O próprio diagnóstico da morte cerebral necessita de aparelhagem adequada – e nem sempre disponível – para sua confirmação. Uma vez comprovada, deve-se esperar um prazo de seis horas para a realização de um novo exame. Se o diagnóstico for confirmado, então é autorizada a retirada dos órgãos e feita a notificação à Central de Transplantes. A partir daí, começa uma corrida contra o tempo. O cérebro do paciente está morto, o que provoca a perda progressiva das funções vitais. As drogas ministradas pelos médicos apenas prolongam esse prazo. Um coração, por exemplo, deve ser transplantado em quatro horas. O transporte deve ser rápido, com acondicionamento adequado e após verificação de compatibilidade entre o órgão e o receptor. Muitos órgãos, porém, perdem sua utilidade nesse processo. “No Rio de Janeiro, a notificação era muito baixa, mas isso melhorou bastante nos últimos dois anos”, conta o Dr. Alexandre Cerqueira, que está participando da implantação de um programa de transplante de fígado no Hospital Geral de Bonsucesso. “Só que é preciso manter o doente, o que nem sempre acontece. Muitas vezes o seu lugar é cedido a um paciente em condições de sobreviver e ele é deixado na Emergência ou em condições não favoráveis, o que acaba inviabilizando a doação”, lamenta.
O aspecto religioso
No ano passado, a morte do músico Marcelo Frommer, do grupo Titãs, reacendeu a polêmica sobre o transplante de órgãos. Tendo declarado em vida sua opção pela doação, o músico teve o desejo acatado pela família quando diagnosticada sua morte cerebral, em decorrência de um atropelamento, em São Paulo. Marcelo era judeu e surgiu uma discussão sobre um possível veto religioso a essa prática, o que acabou não sendo confirmado. Os órgãos de Marcelo acabaram transplantados. Na época, o rabino Henry Sobel não deixou margem a dúvidas: “A lei judaica proíbe a mutilação do cadáver e exige que o corpo seja sepultado intacto e o mais breve possível. Essas exigências, entretanto, podem ser postas de lado diante do mandamento supremo do judaísmo: o dever de salvar uma vida. Não pode haver maior tributo aos mortos do que utilizar seus restos mortais para salvar ou prolongar outra vida humana. Existem, nesse caso, dois requisitos básicos.

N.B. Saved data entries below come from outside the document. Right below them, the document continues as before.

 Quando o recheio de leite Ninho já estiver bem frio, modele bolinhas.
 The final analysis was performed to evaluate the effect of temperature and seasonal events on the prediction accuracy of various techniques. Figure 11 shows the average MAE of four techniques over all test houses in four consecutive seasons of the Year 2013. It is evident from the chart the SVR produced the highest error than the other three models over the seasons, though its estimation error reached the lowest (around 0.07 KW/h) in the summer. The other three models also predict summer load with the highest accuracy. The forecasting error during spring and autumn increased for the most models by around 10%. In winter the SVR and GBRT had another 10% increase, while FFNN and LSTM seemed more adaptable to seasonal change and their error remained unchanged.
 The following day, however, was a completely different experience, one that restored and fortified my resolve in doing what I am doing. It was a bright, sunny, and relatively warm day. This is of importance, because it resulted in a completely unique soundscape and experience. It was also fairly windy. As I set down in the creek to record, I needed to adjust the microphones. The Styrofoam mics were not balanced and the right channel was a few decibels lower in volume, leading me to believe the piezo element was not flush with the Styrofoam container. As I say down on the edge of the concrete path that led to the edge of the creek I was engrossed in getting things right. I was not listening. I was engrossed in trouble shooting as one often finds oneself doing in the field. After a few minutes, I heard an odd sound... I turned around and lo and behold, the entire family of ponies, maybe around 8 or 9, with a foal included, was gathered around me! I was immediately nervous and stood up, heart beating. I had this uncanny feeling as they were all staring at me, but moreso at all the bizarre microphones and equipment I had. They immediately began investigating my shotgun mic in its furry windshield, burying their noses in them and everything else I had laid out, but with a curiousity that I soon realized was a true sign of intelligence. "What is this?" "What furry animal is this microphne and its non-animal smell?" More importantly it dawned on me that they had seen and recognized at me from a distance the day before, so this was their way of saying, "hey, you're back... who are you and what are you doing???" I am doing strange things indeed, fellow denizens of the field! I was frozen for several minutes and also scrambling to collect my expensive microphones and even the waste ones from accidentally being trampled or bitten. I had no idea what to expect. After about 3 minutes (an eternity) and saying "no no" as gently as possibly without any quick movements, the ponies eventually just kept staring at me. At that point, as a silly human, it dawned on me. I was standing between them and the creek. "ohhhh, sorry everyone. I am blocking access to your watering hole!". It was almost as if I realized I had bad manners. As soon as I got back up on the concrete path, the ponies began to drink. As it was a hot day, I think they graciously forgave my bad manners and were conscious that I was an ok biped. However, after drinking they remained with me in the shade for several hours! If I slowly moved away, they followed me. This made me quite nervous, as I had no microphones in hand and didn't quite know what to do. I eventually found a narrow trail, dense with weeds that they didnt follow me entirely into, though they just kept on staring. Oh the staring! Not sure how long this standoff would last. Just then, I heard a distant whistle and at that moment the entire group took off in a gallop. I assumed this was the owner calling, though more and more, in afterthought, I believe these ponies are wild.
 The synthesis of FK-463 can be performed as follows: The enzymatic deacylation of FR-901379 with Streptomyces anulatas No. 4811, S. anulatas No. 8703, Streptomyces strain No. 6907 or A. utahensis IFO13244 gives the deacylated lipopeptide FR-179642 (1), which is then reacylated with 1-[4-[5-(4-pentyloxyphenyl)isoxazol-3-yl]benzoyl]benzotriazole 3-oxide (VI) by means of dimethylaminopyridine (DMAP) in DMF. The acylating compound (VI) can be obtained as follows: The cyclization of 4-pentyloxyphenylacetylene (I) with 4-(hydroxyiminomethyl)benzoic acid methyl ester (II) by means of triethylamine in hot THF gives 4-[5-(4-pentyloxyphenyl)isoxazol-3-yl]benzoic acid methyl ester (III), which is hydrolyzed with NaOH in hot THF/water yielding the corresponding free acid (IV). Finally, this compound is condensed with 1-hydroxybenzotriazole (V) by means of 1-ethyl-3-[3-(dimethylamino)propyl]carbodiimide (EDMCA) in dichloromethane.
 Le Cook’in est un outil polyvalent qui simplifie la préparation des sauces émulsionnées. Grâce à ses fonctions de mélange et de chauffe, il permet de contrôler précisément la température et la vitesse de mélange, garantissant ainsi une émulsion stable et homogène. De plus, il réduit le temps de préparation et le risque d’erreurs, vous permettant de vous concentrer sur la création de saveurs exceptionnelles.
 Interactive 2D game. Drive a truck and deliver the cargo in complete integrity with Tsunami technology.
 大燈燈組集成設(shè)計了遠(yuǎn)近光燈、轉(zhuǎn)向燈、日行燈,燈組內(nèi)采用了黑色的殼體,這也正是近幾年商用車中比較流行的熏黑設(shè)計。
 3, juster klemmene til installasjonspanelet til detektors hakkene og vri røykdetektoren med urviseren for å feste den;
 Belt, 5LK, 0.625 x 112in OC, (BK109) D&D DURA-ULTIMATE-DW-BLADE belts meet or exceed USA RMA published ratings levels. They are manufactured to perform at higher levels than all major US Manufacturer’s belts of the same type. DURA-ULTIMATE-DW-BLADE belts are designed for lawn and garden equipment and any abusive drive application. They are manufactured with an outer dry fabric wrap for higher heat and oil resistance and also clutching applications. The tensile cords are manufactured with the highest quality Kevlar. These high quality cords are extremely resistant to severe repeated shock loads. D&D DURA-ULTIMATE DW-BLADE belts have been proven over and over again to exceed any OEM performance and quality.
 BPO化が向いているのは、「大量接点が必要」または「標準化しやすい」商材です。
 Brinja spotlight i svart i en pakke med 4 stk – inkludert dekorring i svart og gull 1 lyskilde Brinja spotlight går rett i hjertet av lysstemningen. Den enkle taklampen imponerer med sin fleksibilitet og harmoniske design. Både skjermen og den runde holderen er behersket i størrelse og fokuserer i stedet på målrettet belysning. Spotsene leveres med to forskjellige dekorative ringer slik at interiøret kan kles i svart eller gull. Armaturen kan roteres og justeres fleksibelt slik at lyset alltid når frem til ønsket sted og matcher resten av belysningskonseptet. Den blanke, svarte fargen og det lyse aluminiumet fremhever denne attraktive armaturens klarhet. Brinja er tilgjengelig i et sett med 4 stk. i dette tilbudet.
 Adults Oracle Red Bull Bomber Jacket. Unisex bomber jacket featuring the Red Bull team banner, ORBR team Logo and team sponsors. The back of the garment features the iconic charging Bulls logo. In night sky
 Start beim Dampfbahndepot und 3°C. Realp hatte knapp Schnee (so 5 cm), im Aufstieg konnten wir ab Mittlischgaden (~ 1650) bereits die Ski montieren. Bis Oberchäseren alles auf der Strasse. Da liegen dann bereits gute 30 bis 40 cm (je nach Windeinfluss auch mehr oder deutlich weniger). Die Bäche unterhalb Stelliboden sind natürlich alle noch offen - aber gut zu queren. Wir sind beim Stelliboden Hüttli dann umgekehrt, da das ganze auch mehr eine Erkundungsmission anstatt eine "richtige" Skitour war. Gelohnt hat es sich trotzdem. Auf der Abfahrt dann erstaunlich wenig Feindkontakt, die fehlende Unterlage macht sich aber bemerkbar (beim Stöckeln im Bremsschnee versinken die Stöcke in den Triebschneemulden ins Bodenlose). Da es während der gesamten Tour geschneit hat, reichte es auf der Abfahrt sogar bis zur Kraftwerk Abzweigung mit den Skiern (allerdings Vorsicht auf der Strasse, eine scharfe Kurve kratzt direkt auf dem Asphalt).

Primeiro, que o órgão retirado do morto seja transplantado imediatamente para o receptor necessitado, justificando assim o conceito de salvar uma vida. Por exemplo: pessoas na lista de espera são pessoas necessitadas. Uma vez que o transplante visa salvar a vida dessas pessoas, ele é não somente permitido, mas encorajado. Segundo requisito: que tenha sido dada permissão pelo doador antes de sua morte ou, pelo menos, por sua família, após o falecimento”.
As religiões católica, islâmica e evangélica não se opõem a que os fiéis doem seus órgãos. As Testemunhas de Jeová, que rejeitam transfusões sangüíneas, são favoráveis, desde que o transplante se realize sem a doação de sangue – o que é perfeitamente possível. No espiritismo, no entanto, há quem pondere que o desejo de fazer a doação deve ter sido manifestado pelo doador, que então teria tido tempo de se preparar para esse momento. Do contrário, o espírito poderia sofrer. Correntes do budismo, por sua vez, rejeitam o transplante, por considerarem o conceito de morte cerebral excessivamente materialista e por acreditarem que a consciência não abandona o corpo da pessoa imediatamente após a morte.
Nota-se que as opiniões podem variar dentro de uma mesma religião, conforme cada tendência ou corrente – mais ou menos ortodoxa. De uma maneira geral, no entanto, as negativas à doação de órgãos justificadas pelo aspecto religioso são pouco expressivas. “Em torno de 15 a 20% dos doadores potenciais são perdidos por questões familiares, o que inclui também a questão religiosa”, informa o Dr. Alexandre Cerqueira. Na maior parte dos casos, as decisões acabam ficando a critério de cada pessoa. E o que determina a concordância ou não é mesmo o temor do desconhecido, a insegurança, a desinformação.
Desinformação, aliás, que também é a palavra-chave para explicar o espantoso número de casos de morte cerebral não notificados pelos hospitais brasileiros, como vimos no início desta reportagem. Talvez esteja na hora de uma grande e permanente campanha de esclarecimento. Só assim – a exemplo do que aconteceu quando da aprovação da Lei nº 9.434 – haveria um debate amplo, com toda a sociedade participando – de corpo e alma.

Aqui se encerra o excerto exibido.